EP: In your poetry, particularly in Catalog, you navigate incorporating simple yet precise language while avoiding redundancy. How do you consistently accomplish this balance of craft?

RG: Revise like hell. That’s how. I love revising, I love it. I’m actually just finishing another book and I have to send it in and I could revise it for the next ten years, easy. You know? I could just keep on going. So, anyway, that’s sort of how. Whatever things I’m trying to make happen in the poems, I’m very conscious about it. But also—this is important, too—I also have beloved readers who look at my work and they see things that I don’t see all the time, whether that’s my editor or it’s the people I share work with.

SB: Throughout the Book of Delights and Catalog, you spend much time describing a joy which is not entirely based on happiness.

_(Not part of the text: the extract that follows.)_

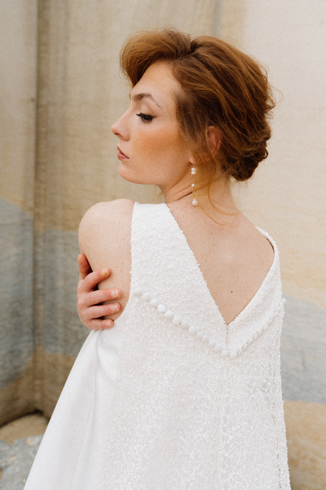 Une cape amovible en dentelle de Calais complète cette robe à l'allure de reine.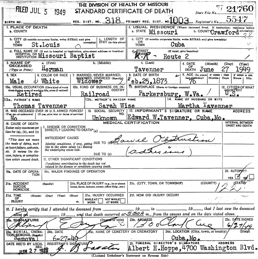 Certificate of Death Official Death Certificate of Herman Tavenner |

Because of this, your writing seems opposed to the idea of clean and simple happy endings. As an author who spends much time writing about joy, how do you find yourself dealing with cliché?

RG: I think, to me, joy is not an emotion that exists absent of sorrow. It’s totally tangled up with sorrow, fear, all these things. And joy, I think maybe that ‘cliché’ question exists because we often are offered this idea of joy that’s a kind of hallmark idea of joy. It’s not a complicated idea of joy. But I’m more interested in this larger question, which is how do we care for one another through our sorrows? Or how do we practice belonging to one another? Part of the practice of belonging to one another is tending to each other’s heartbreak. And it might be the case that, the older we get, the more there seem to be. So that in itself is a kind of complicated emotion. And joy, to me, the way we know it’s a complicated emotion is it seems to be expressed as often at funerals as at births, and expressed as powerfully. Cliché is basically just a sort of overused language. But also cliché can get into this sort of uncomplicated thought, which I will call sentimentality. A kind of boring, cliche sentimentality. I had a teacher named Thomas Lux who said “you’re trying to write poems of true sentiment.” Which is different from sentimentality, which is the kind of imposition of feeling where feeling has not yet been arrived at. And maybe that’s the thing that is less inclined to be cliché. It’s nuanced, it’s unpredictable. It doesn't know where it’s going. Cliché knows where it’s going.

BB: I’ve noticed, in your essays specifically, you utilize a lot of asides as a tool, what do you enjoy about asides and what makes them fascinating to use?

RG: Well, one is that they’re conversational. I like people who tell stories and then just take off and digress, like there’s eight stories connected to this one story. And in a way I feel like I learned this with Catalog. Among the voices that I’m trying to cultivate in my writing is a voice that is really trying to talk to you. I’m also interested in the ways our thinking is not linear. It’s not A-Z. It takes off all over the place. And there’s something beautiful to me about the kind of inefficiency of that. It’s not precise, it’s not direct, it’s not concise. It’s more like the way water is. It goes where there’s places to go. I had a teacher named Gerald Stern who was so digressive. I learned that from him, I’m sure, as a kind of writerly technique. I like not knowing where it’s going.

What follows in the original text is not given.